What is meant here, I believe, is (1 - Int)^-1. Writing 1/(1 - Int) is an abuse of notation, especially when the numerator isn’t just 1 but another operator, which loses the distinction between a left and a right inverse. But for a bounded linear operator on a normed vector space, and I think Int over an appropriately chosen space of functions qualifies, (1 - Int)^-1 equals the Neumann series \sum_k=0^∞ Int^k, exactly as in the derivation.
Int is injective: Take Int f = Int g, apply the derivative, and the fundamental theorem gives you f = g. I think you can make it bijective by working with equivalence classes of functions that differ only by a constant.

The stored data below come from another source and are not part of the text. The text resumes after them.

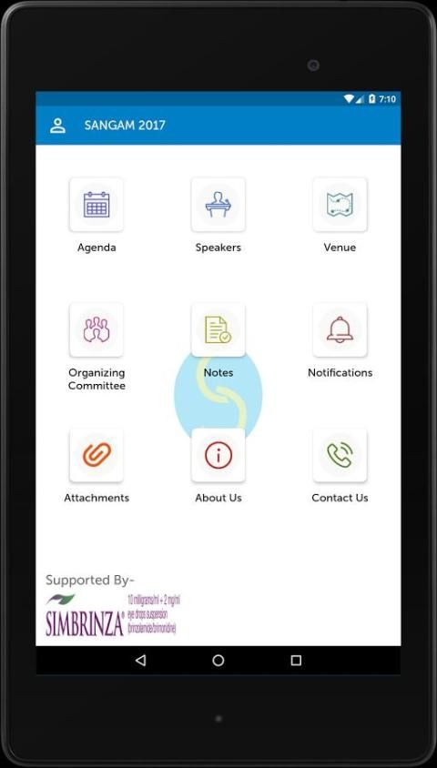 يقدم التطبيق مؤتمر سانجام 2017 باعتباره الكتيبات الإلكترونية التي تمنحك تفاصيل الجدول الزمني ومكبرات الصوت. يمكن للمندوبين مسجل تدوين الملاحظات والتعليق عليها وتقيم جلسات فردية.
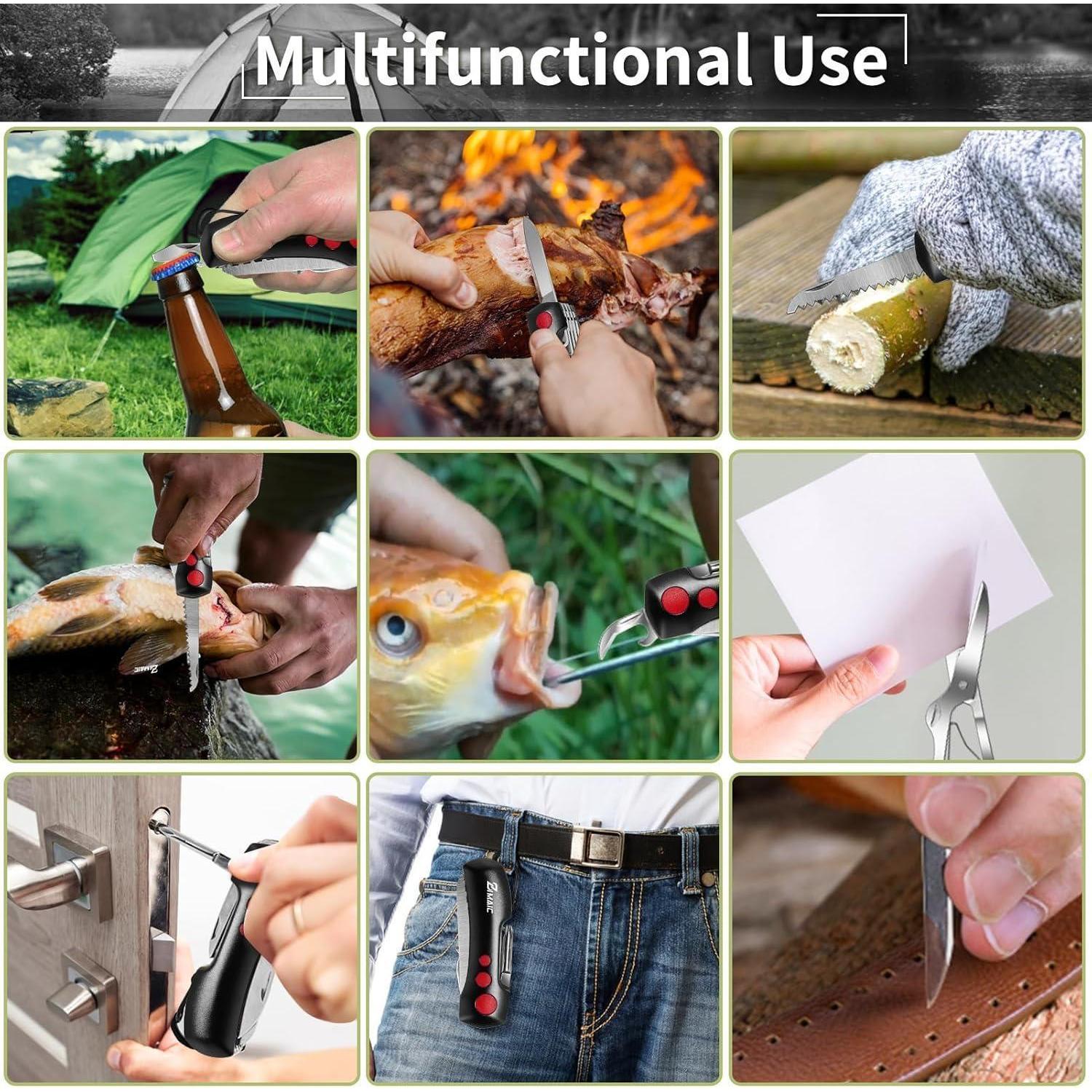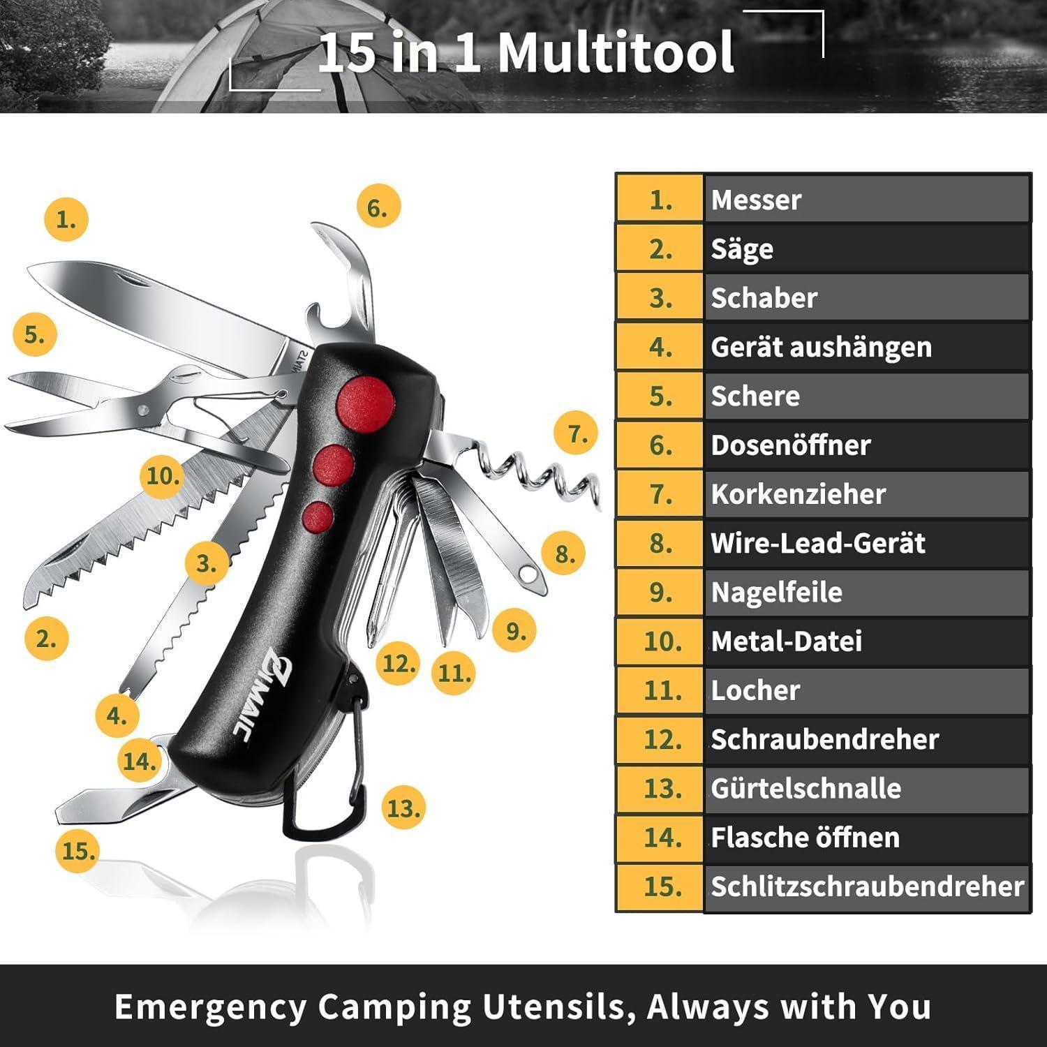 Das ZIMAIC Taschenmesser ist ein Multitool, das speziell für vielseitige Einsätze entwickelt wurde. Mit 15 Funktionen ist dieses Schweizer Taschenmesser ein unverzichtbarer Begleiter für Outdoor-Aktivitäten, Notfälle und den täglichen Gebrauch. Zu den Funktionen gehören ein Schlitzschraubendreher, Dosenöffner, Korkenzieher, Fischschupper, Hakenentferner, Schlüsselring, Messer, Leder Punch, Nagelreiniger, Metallfeile, Nadel, Kreuzschlitzschraubendreher, Säge und Schere.
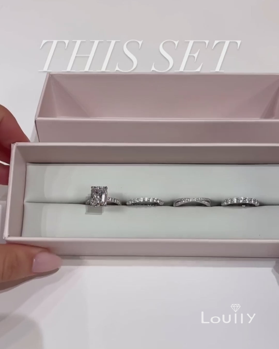 Louily Excellent Crushed Ice Radiant Cut 4PC Wedding Ring Set
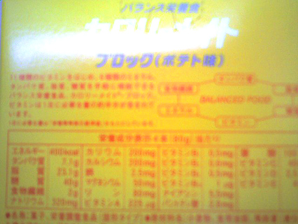 これを題材にした小説描いたよ。 カロリー栄養食ポテト味。昔よりいささか味が変わってたような気がします。昔の味のが好きだったなぁ。なくなってたのに、復活したらしい。嬉しいけどね。5年ぶりに食べた味は懐かしかった。おいしかったです。これ系ってまずいイメージあったので、最初食べたときも「おいしいんだ!?」って驚いた記憶ありましたが、今回も同じこと思った(笑)写真がいい感じにてかりで見えないのは意図してますが、不可抗力でもあります(え)
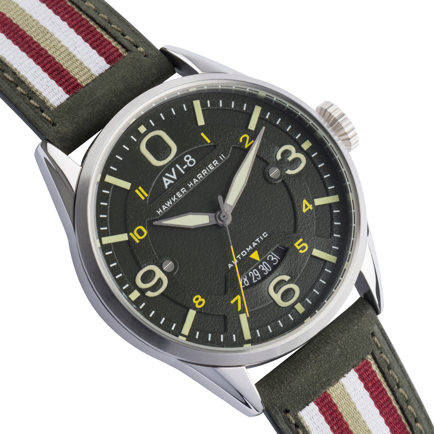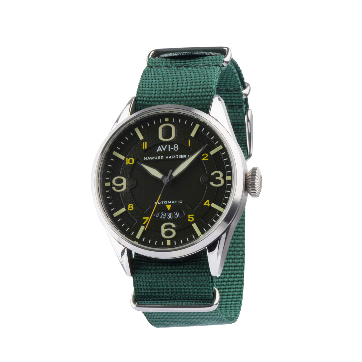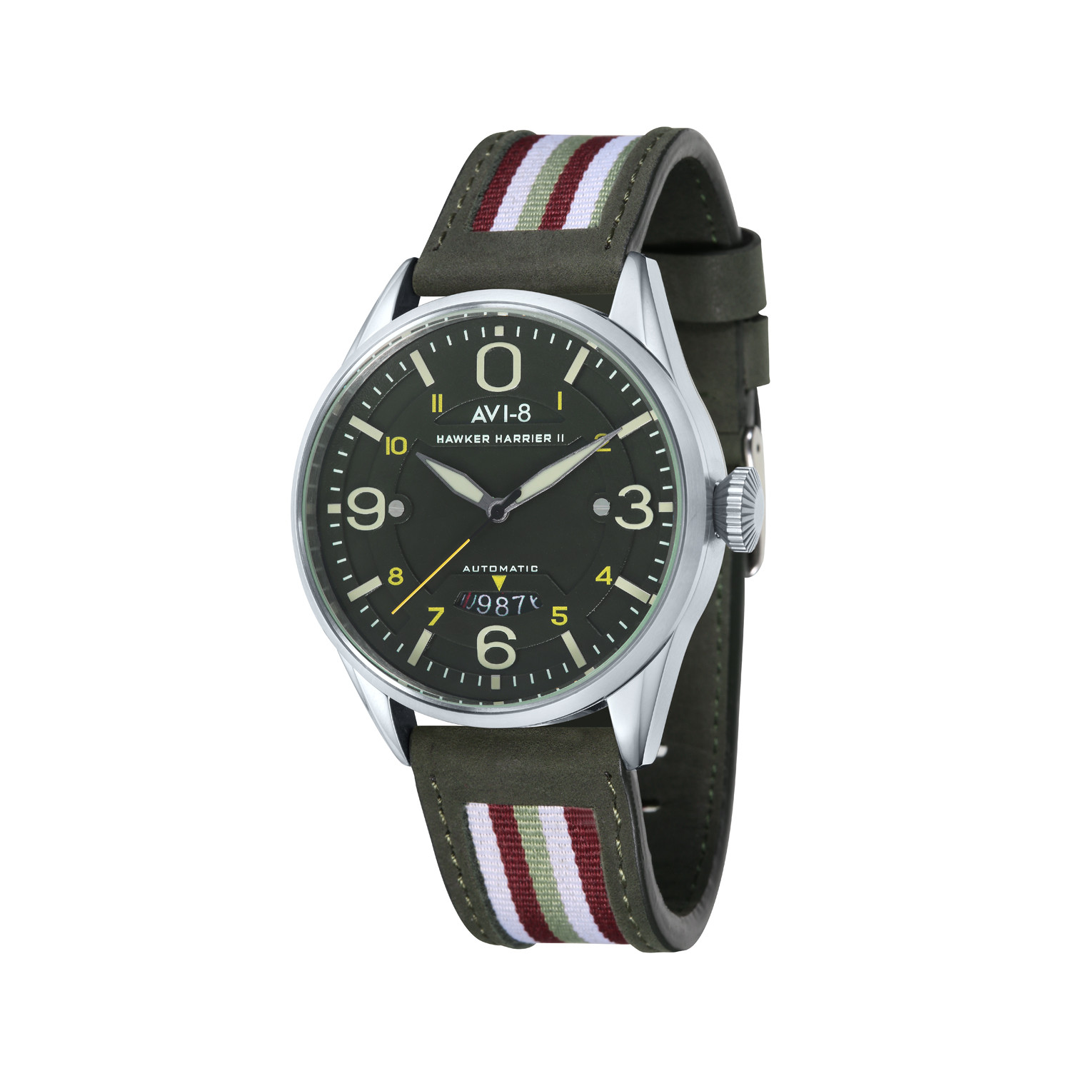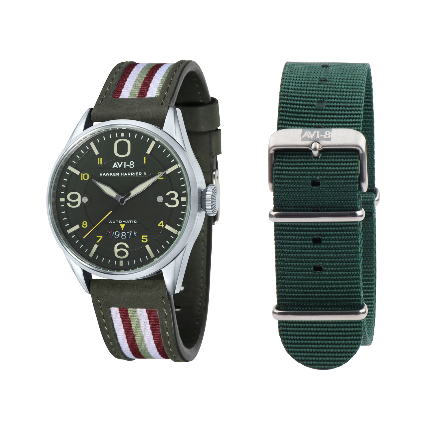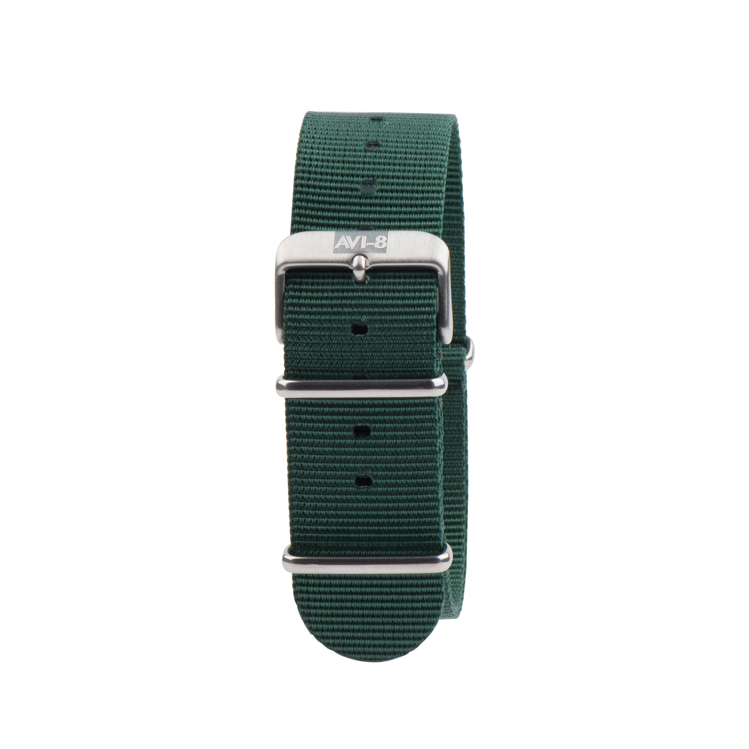 — Green Strip Genuine Leather Strap With Solid Stainless Steel Buckle + Extra Nylon NATO Strap

Int is definitely not injective when you consider noncontinuous functions (such as f(X)={1 iff X=0, else 0}). If you consider only continuous functions, then unfortunately 1-Int is also not injective. Consider for example e^x and 2e^x. Unfortunately your idea with equivalence classes also fails, as for L = 1 - Int, L(f) = L(g) implies only that L(f-g) = 0, so for f(X)=X and g(X)=X + e^x L(f) = L(g)
Sets of measure zero are unfair. But you’re right, the second line in the image is basically an eigenvector equation for Int and eigenvalue 1, where the whole point is that there is a subspace that is mapped to zero by the operator.
I’m still curious if one could make this work. This looks similar to problems encountered in perturbation theory, when you look for eigenvectors of an operator related to one where you have the spectrum.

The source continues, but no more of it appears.